*** EXERCISE DATA Section Begins ***

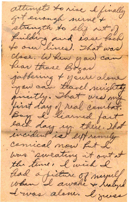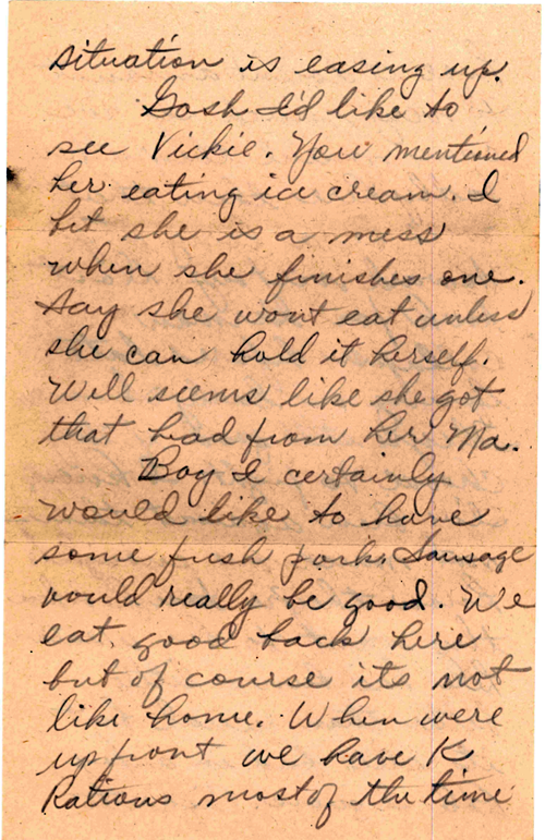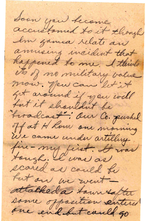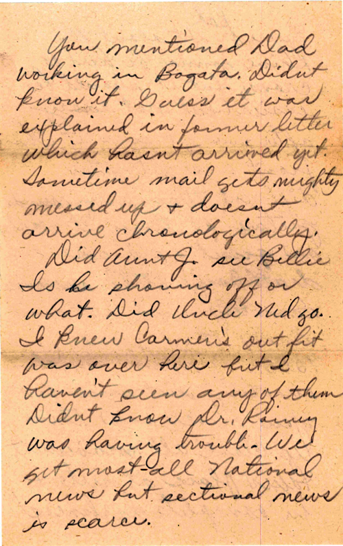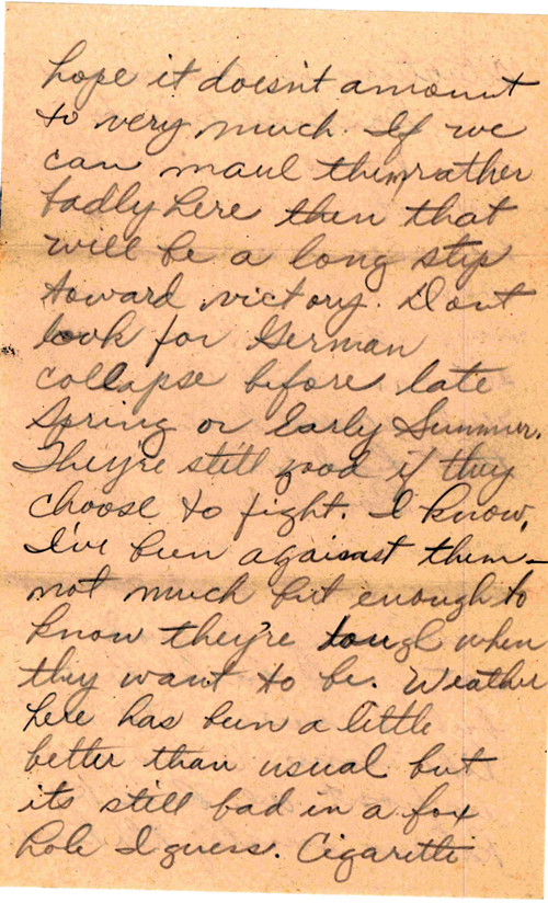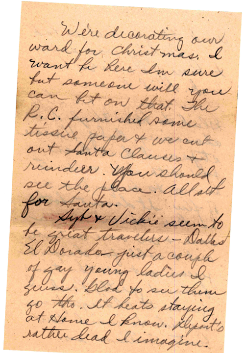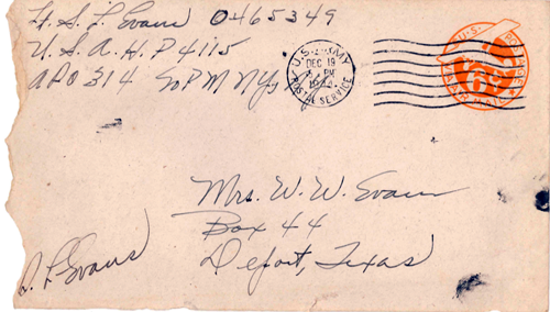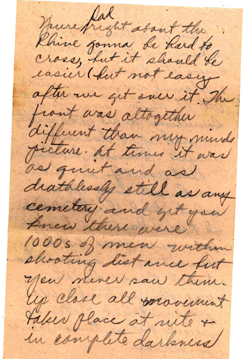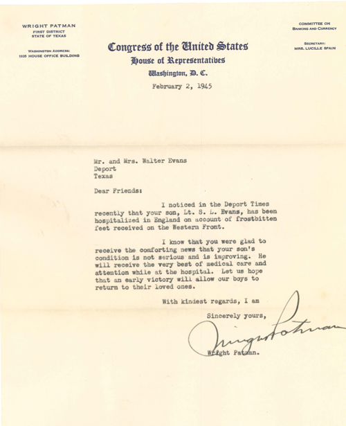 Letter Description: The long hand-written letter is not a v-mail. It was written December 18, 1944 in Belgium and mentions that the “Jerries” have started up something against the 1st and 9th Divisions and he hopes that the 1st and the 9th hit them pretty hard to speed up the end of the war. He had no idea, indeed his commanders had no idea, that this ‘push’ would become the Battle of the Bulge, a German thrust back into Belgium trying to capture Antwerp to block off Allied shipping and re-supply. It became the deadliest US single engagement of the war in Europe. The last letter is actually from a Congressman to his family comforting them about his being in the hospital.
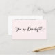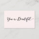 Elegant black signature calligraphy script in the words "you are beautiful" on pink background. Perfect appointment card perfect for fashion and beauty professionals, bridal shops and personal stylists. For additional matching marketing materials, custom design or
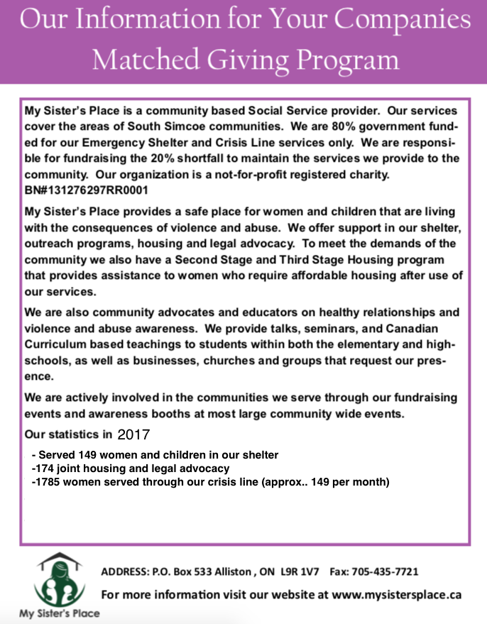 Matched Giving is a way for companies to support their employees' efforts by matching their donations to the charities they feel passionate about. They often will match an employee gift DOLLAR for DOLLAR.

*** EXERCISE DATA Section Ends ***

→ ABOUT THIS EXERCISE:
The whole listing should be reproduced exactly. Images don't go in.

→ RESPONSE:
 Letter Description: The long hand-written letter is not a v-mail. It was written December 18, 1944 in Belgium and mentions that the “Jerries” have started up something against the 1st and 9th Divisions and he hopes that the 1st and the 9th hit them pretty hard to speed up the end of the war. He had no idea, indeed his commanders had no idea, that this ‘push’ would become the Battle of the Bulge, a German thrust back into Belgium trying to capture Antwerp to block off Allied shipping and re-supply. It became the deadliest US single engagement of the war in Europe. The last letter is actually from a Congressman to his family comforting them about his being in the hospital.
 Elegant black signature calligraphy script in the words "you are beautiful" on pink background. Perfect appointment card perfect for fashion and beauty professionals, bridal shops and personal stylists. For additional matching marketing materials, custom design or
 Matched Giving is a way for companies to support their employees' efforts by matching their donations to the charities they feel passionate about. They often will match an employee gift DOLLAR for DOLLAR.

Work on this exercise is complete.